Drifting

It’s been over a year since the last update of this blog, and let me tell you- its been an eventful one.

So much has happened in this past year that i’m at a point in my life where I barely recognise the girl that wrote some of these earlier blog posts anymore. The inspired motivated Holly has recently been quite hard to find.

However, this past year was probably one of the best of my life. It was a whirlwind of a year- I was so busy my feet barely touched the ground. I found passion in my work, fell in love, travelled to New York and Paris and ultimately was the happiest I have felt in a long time.

But a lot has changed recently and i’ve felt myself beginning to drift. I’ve moved away from everyone and everything that I know to start university, and lost not only one of my closest friends, but also been on the receiving end of a not too amicable break up- all within weeks of each other. It took its toll- so much change happening too quickly- and as someone that suffers with control issues engrained from years of various eating disorders, and as someone that always likes to know what is going on and have a plan- it hasn’t really been a great few months for me.

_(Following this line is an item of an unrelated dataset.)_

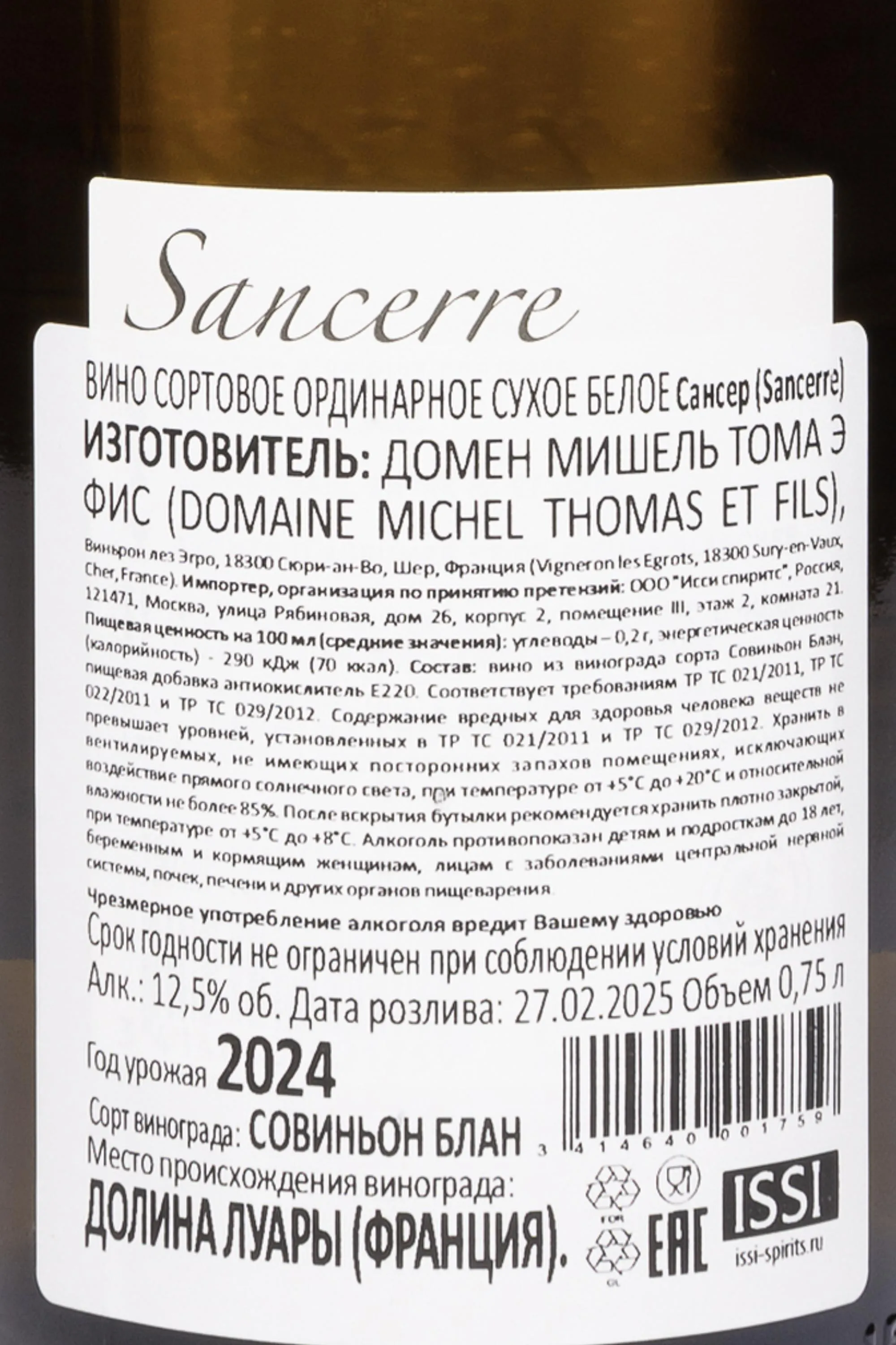 Domaine Michel Thomas & Fils Sancerre 0.75 л купить - Французское вино Домен Мишель Тома э Фис Сансер цена в магазинег. Москва, ул. Профсоюзная, д. 16/1010:00-22:00 Ежедневно+7 (495) 920-20-02info@cru.ru

I’ve been feeling out of touch with myself. And that needs to change. I’ve made some amazing friends at uni and I have realised that being away from home has helped in some aspects. Being detached from everything that reminded me of her gave me time to distract myself and pretend everything was fine. Haa yeah- that’s something I do a lot too- pretending everything is fine even if I can tell it’s not. Something my ex could never get her head around was my inability to talk about feelings ever- I hated showing too much emotion if it wasn’t directed in a happy optimistic way- or as a joke. It’s something I need to change about myself. Which is why i’m writing this- something I absolutely never would have considered before- as I’m not one to open up often. I’d much rather just stick to my sarcastic jokes on twitter.

So it’s got me thinking that I need to throw myself back into this blog. Take more time to appreciate the small happinesses in life and to give me something to be enthusiasticย about again. God that sounds mopey and pathetic. Sorry.

So expect exciting things from me! Or not too exciting because really how exciting can a broke fashion student’s life get?